● **EXERCISE**
From the records that follow, return exactly the lines beginning at the one that contains "Address labels for" and ending at the one that contains "Ванная комната с", pictures left out.

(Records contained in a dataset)
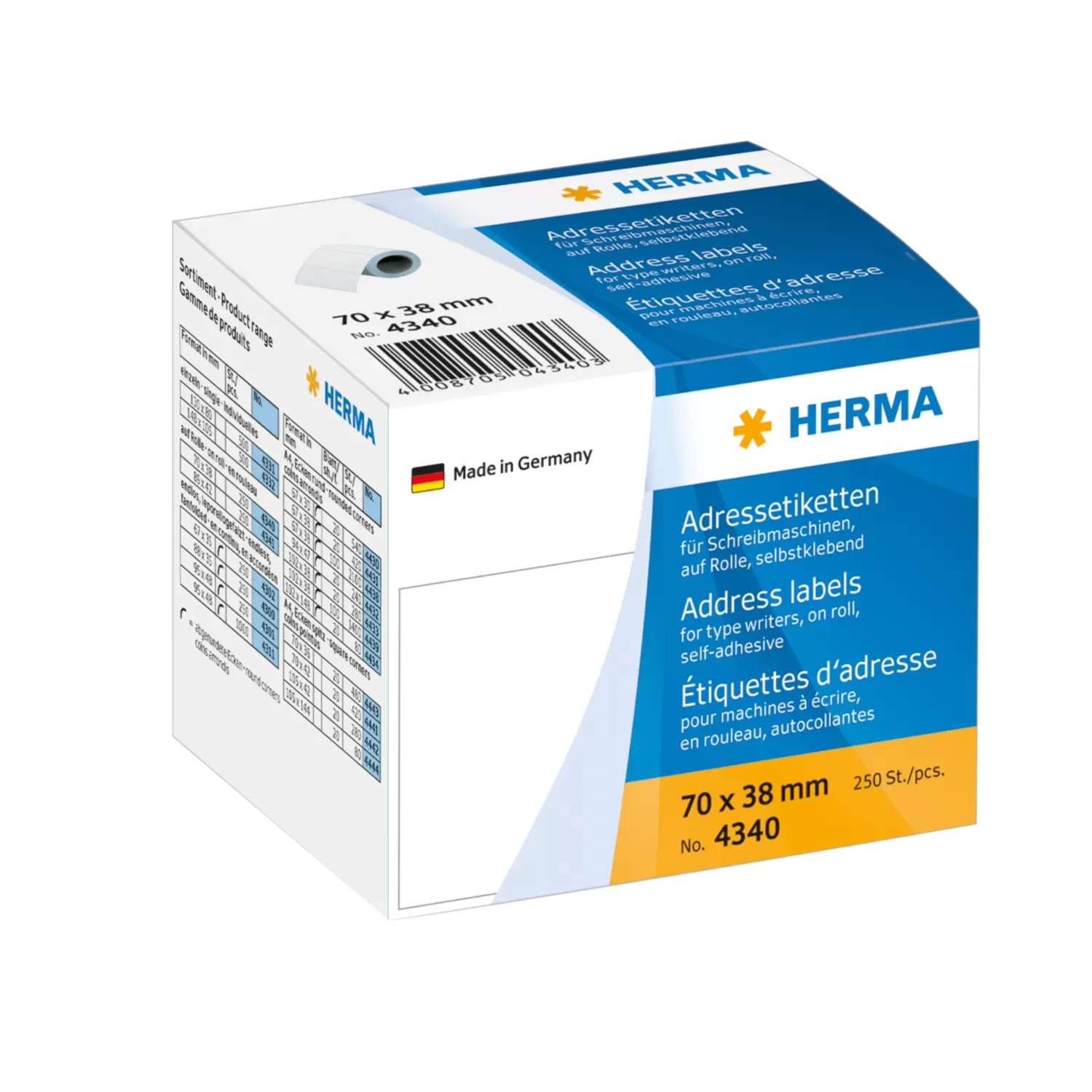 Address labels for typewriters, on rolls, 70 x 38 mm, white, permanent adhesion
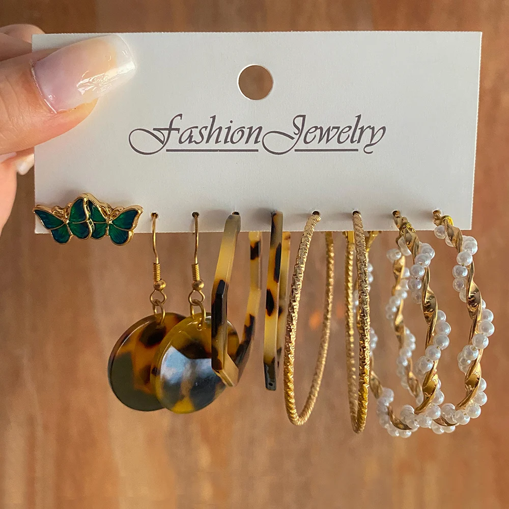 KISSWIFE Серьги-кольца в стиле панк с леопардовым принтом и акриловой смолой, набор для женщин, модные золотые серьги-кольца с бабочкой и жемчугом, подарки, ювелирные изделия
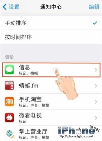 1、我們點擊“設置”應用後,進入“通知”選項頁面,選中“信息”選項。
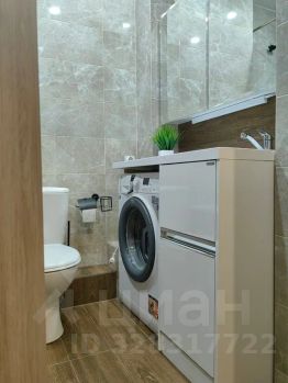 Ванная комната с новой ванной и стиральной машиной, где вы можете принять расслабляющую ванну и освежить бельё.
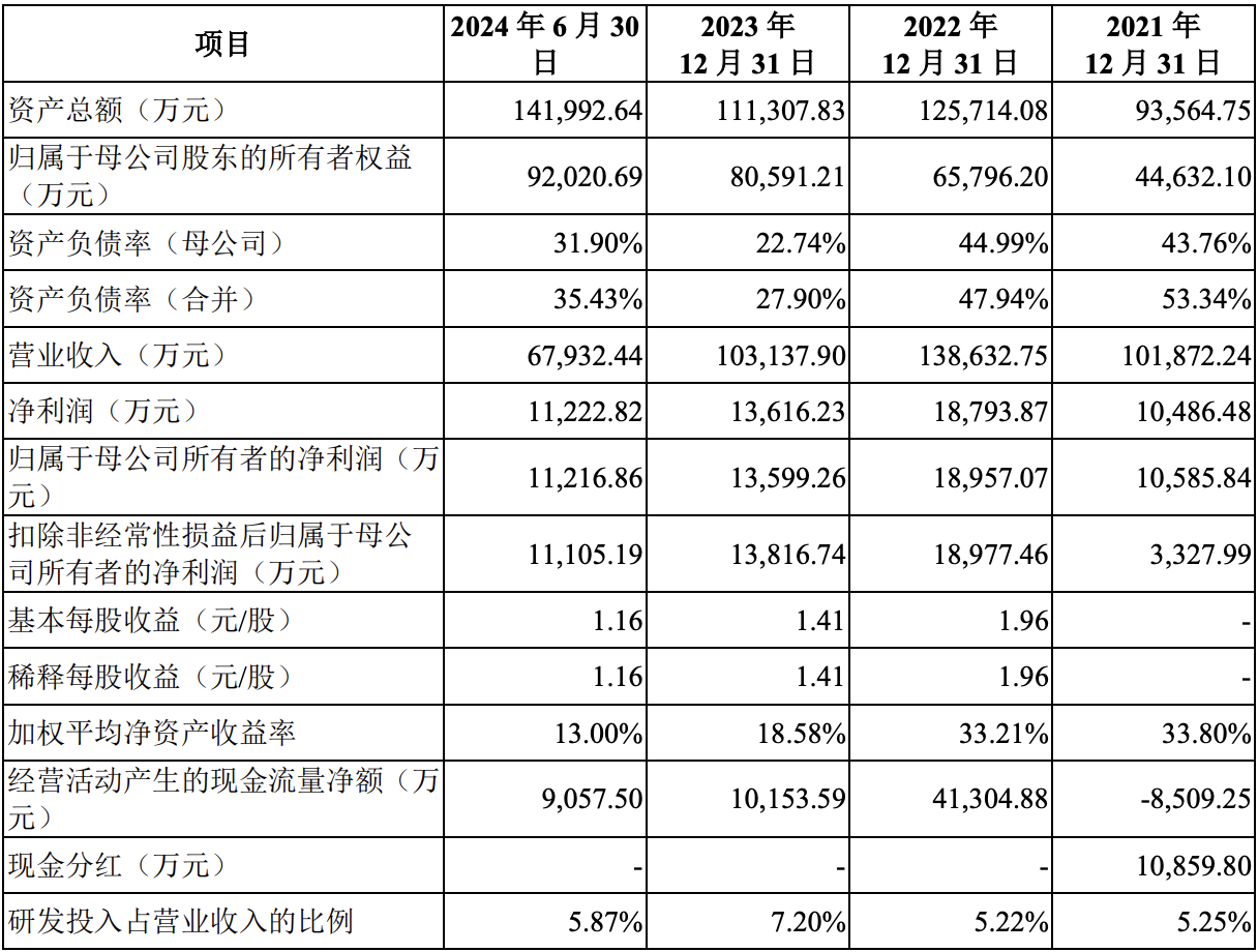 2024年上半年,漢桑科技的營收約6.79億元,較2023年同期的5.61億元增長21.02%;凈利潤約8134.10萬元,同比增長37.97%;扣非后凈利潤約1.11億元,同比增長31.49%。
--
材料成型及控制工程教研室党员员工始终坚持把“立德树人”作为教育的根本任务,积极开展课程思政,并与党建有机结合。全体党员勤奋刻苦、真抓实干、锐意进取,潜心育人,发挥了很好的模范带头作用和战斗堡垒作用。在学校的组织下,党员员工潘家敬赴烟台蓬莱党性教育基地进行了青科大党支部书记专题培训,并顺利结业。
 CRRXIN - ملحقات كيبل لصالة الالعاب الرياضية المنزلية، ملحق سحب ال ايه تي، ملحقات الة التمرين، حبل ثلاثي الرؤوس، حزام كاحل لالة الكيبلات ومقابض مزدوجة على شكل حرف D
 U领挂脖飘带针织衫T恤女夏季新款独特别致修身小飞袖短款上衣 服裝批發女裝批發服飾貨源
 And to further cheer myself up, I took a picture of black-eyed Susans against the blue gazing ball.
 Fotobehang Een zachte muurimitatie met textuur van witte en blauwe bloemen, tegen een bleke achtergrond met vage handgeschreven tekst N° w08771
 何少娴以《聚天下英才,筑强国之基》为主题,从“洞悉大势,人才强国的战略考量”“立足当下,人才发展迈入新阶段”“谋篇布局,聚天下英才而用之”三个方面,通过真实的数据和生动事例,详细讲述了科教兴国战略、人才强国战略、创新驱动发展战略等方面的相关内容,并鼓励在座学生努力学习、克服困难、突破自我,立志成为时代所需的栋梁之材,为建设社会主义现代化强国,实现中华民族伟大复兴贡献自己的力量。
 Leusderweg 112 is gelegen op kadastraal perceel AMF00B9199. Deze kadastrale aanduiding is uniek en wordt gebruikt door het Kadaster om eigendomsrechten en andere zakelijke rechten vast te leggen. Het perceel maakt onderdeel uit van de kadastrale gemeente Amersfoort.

● **WRITTEN SOLUTION**
 Address labels for typewriters, on rolls, 70 x 38 mm, white, permanent adhesion
 KISSWIFE Серьги-кольца в стиле панк с леопардовым принтом и акриловой смолой, набор для женщин, модные золотые серьги-кольца с бабочкой и жемчугом, подарки, ювелирные изделия
 1、我們點擊“設置”應用後,進入“通知”選項頁面,選中“信息”選項。
 Ванная комната с новой ванной и стиральной машиной, где вы можете принять расслабляющую ванну и освежить бельё.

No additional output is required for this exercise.